FOCO_LAB_2021: Laboratorio de Innovación Cultural y Científica 1280 935 Administrador Potenciar

El día viernes 23/4/21 más de 86 personas participaron, a través de la plataforma Zoom, del FOCO_LAB_2021. El evento, organizado por el Laboratorio de Innovación Cultural y Científica, buscó generar un espacio de encuentro entre los integrantes del LAB y organizaciones aliadas, así como dar a conocer el foco de trabajo para el año 2021.

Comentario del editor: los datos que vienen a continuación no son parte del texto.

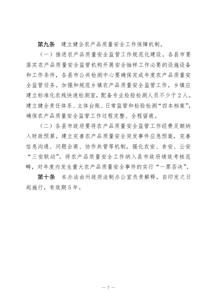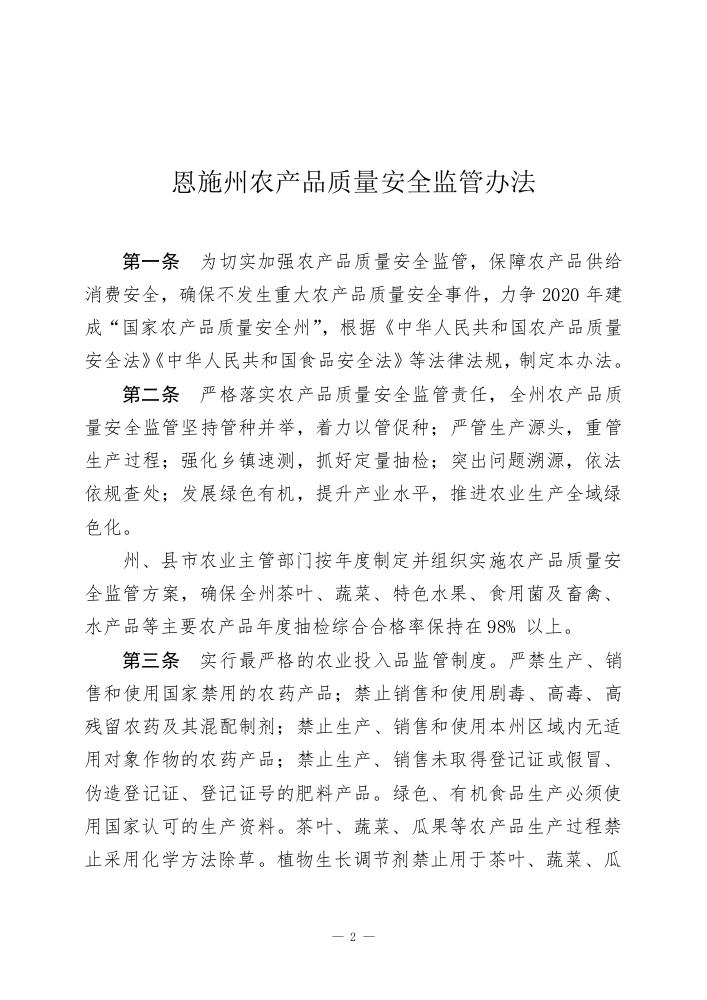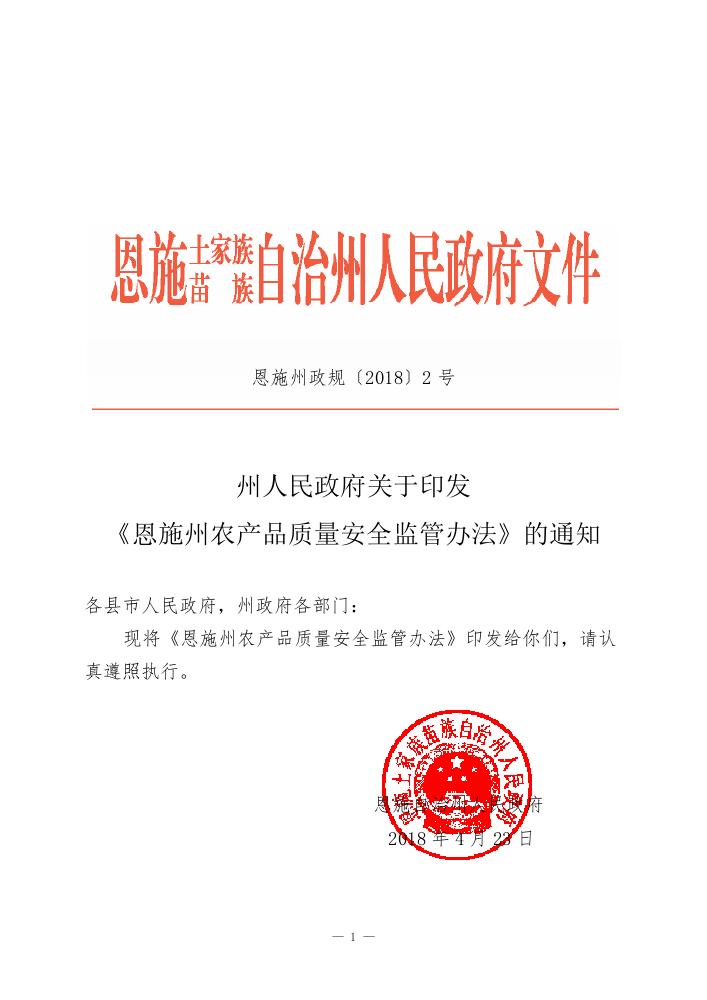 州人民政府关于印发《恩施州农产品质量安全监管办法》的通知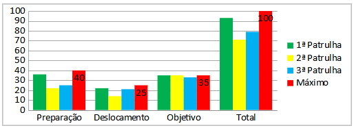 A avaliação de Patrulha ocorreu durante a execução de três missões, divididas em três fases: Preparação, Deslocamento e Ação no Objetivo, somando 20 indicadores. A média do desempenho nas três fases foi de 93% para a primeira Patrulha, 71% para a segunda e 79% para a terceira, perfazendo uma média global de 81%.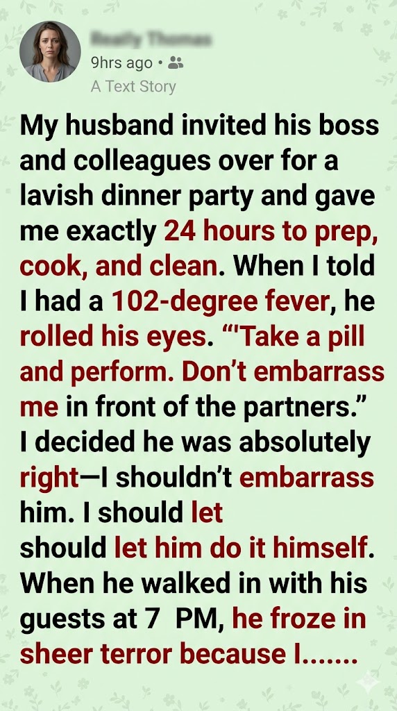 “I’m performing, just like you asked!” I offered a warm, heavily congested smile to the bewildered executives standing in our foyer. “Welcome, gentlemen. I apologize for my attire, but Arthur insisted we simply must host you tonight, even after my fever spiked to 102 this morning. I told him I was highly contagious, but he was adamant. ‘Take a pill and perform,’ he told me. ‘Don’t embarrass me.’ So, here I am! The show must go on.”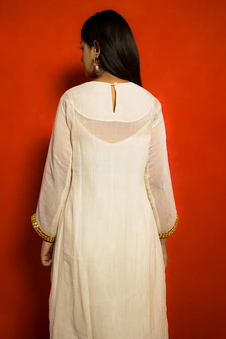 Buy_Mithi Supari_Ivory Malai Chanderi Embellished Mirror V Neck Yoke Kurta And Pant Set _Online_at_Aza_Fashions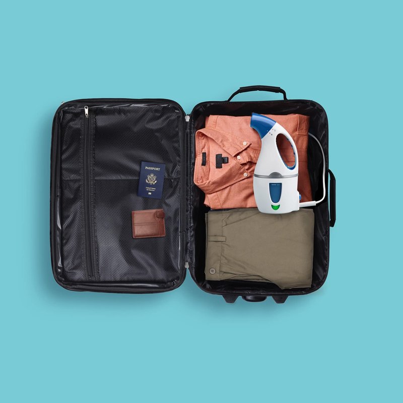 - Compact Design: This steamer is ideal for travel and on the go touchups, heating up fast and dewrinkling fabrics in minutes. Features an ergonomic handle, spill protection feature, and measures only 9 x 5.5 inches with a large, removable steam head

El Laboratorio de Innovación Cultural y Científica es una iniciativa diseñada e implementada por Fundación Williams y Potenciar : Plataforma de Impacto Colectivo que desde el año 2017 busca identificar, conectar, acompañar y financiar organizaciones y personas que trabajan en torno a desafíos culturales y científicos.

En los últimos tres años, el Laboratorio ha conformado diez capítulos temáticos en distintas  áreas de la ciencia y la cultura, quienes han co-diseñado y desarrollado proyectos colaborativos.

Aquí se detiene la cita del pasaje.